▸ **PROBLEM STATEMENT**:
Each line starting at the one that contains "Haliç yıkımları, 1985" and ending at the one that contains "bütünüyle reddolunacağı zannedilmiştir." must be returned exactly, and the rest of the listing is left out.

▸ **DATASET RECORDS**:
....................
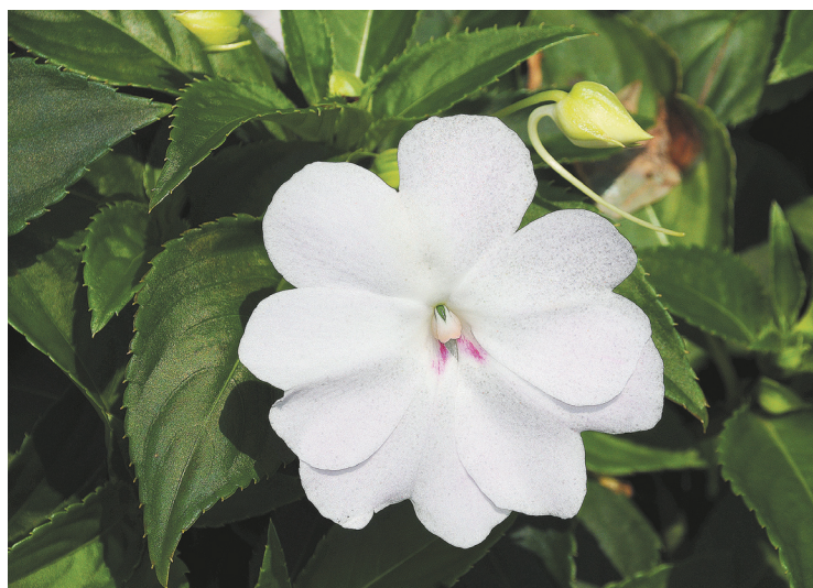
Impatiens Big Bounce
....................
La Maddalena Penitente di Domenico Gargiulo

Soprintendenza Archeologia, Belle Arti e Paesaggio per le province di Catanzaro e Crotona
....................
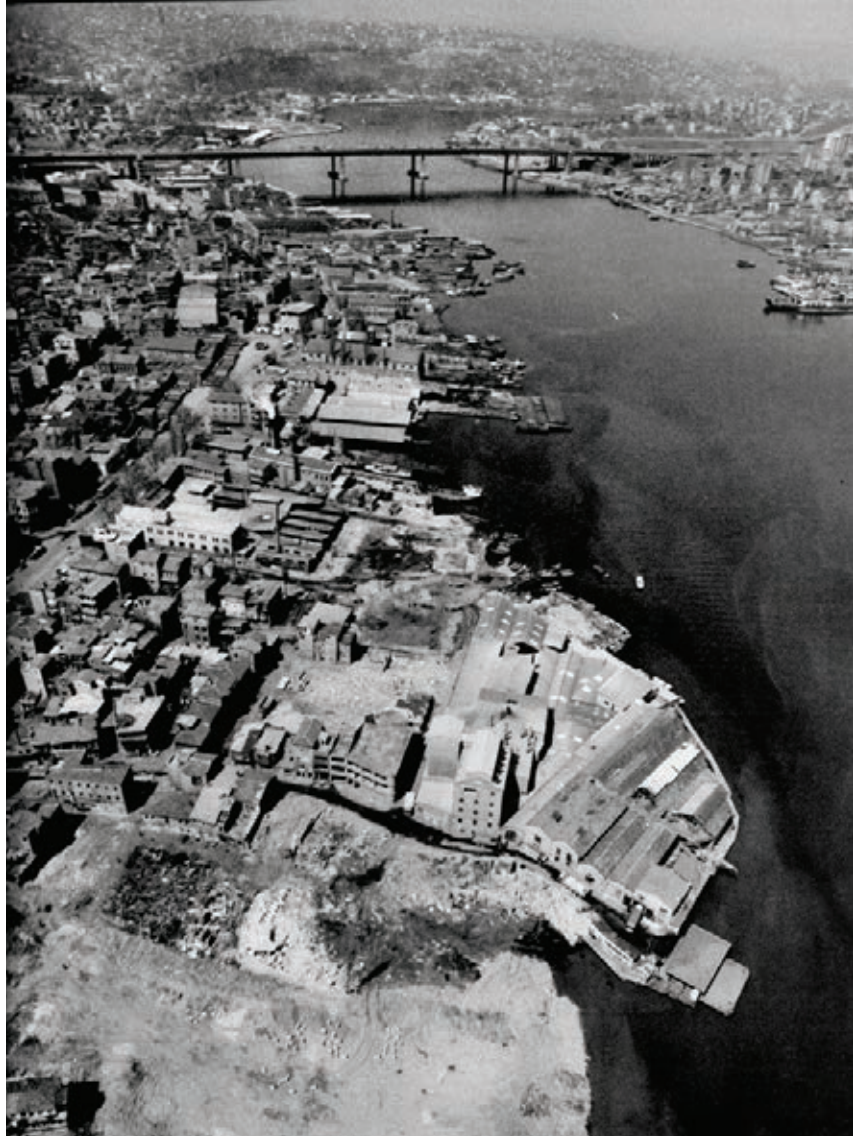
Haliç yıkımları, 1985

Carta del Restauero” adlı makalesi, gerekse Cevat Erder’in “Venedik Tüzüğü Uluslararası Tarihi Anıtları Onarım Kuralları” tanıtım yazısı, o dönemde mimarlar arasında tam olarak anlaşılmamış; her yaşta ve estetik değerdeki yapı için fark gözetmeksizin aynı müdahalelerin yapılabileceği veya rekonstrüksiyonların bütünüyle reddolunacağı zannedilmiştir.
....................
▸ **RESPONSE AREA**:
Haliç yıkımları, 1985

Carta del Restauero” adlı makalesi, gerekse Cevat Erder’in “Venedik Tüzüğü Uluslararası Tarihi Anıtları Onarım Kuralları” tanıtım yazısı, o dönemde mimarlar arasında tam olarak anlaşılmamış; her yaşta ve estetik değerdeki yapı için fark gözetmeksizin aynı müdahalelerin yapılabileceği veya rekonstrüksiyonların bütünüyle reddolunacağı zannedilmiştir.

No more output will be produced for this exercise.